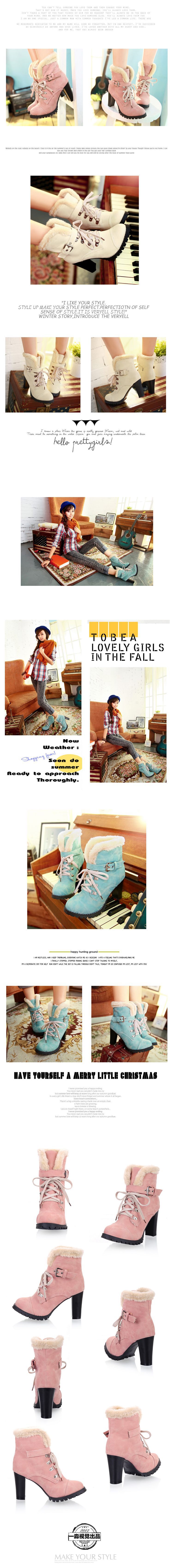 甜美糖果色交叉系帶搭扣高跟防水臺羊羔絨雪地靴馬丁靴
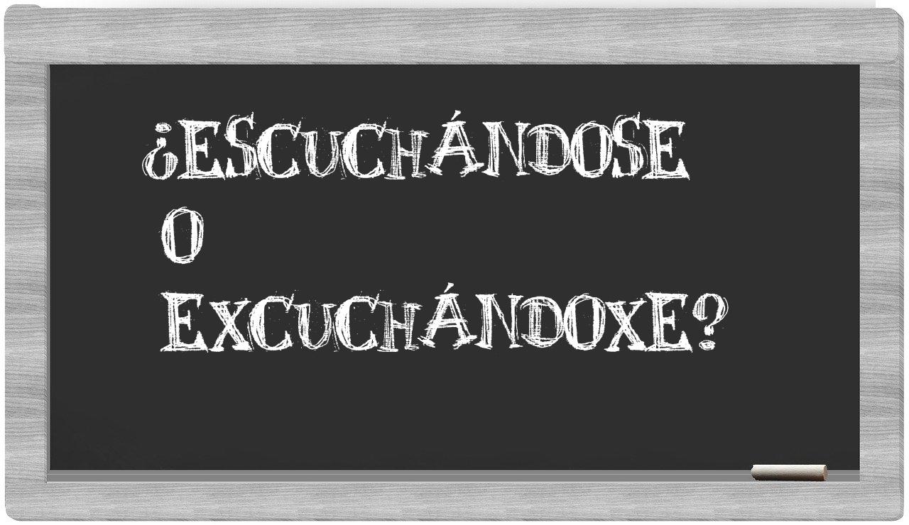 Cuando se trata de distinguir entre escuchándose y excuchándoxe, no deberías titubear en tu elección, puesto que únicamente escuchándose es la forma correcta y aceptada; de hecho, excuchándoxe no se encuentra en el repertorio del Diccionario de la Real Academia Española.
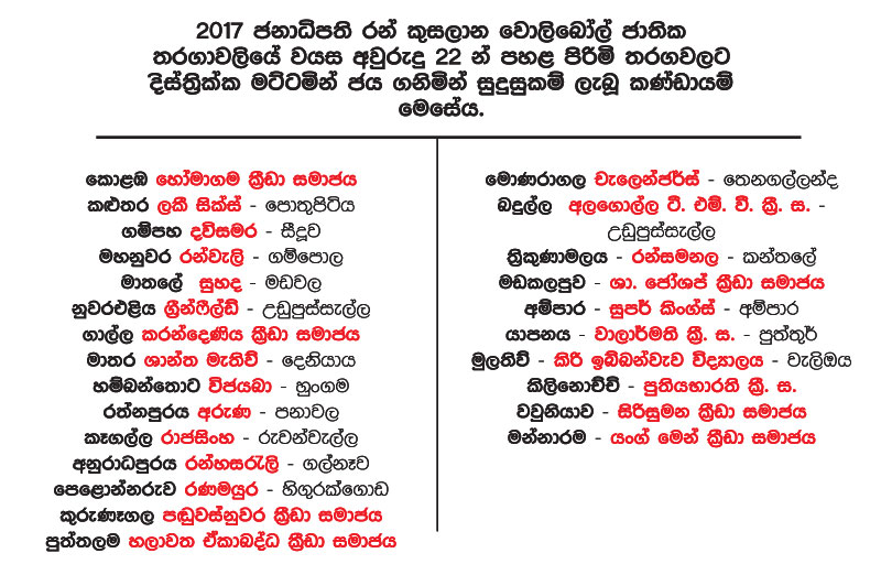 ජනාධිපති රන් කුසලාන වොලිබෝල් තරගාවලියේ වයස අවුරුදු 22 පහළ පිරිමි අවසන් මහා තරගයට හලාවත ඒකාබද්ධ ක්රීඩා සමාජය සහ හුංගම විජයබා ක්රීඩා සමාජය සුදුසුකම් ලබා තිබේ.

========

Assignment: Your response must consist of the lines from the beginning of the data through the line containing "Cuando se trata", transcribed exactly, with no pictures.

Result below:
 甜美糖果色交叉系帶搭扣高跟防水臺羊羔絨雪地靴馬丁靴
 Cuando se trata de distinguir entre escuchándose y excuchándoxe, no deberías titubear en tu elección, puesto que únicamente escuchándose es la forma correcta y aceptada; de hecho, excuchándoxe no se encuentra en el repertorio del Diccionario de la Real Academia Española.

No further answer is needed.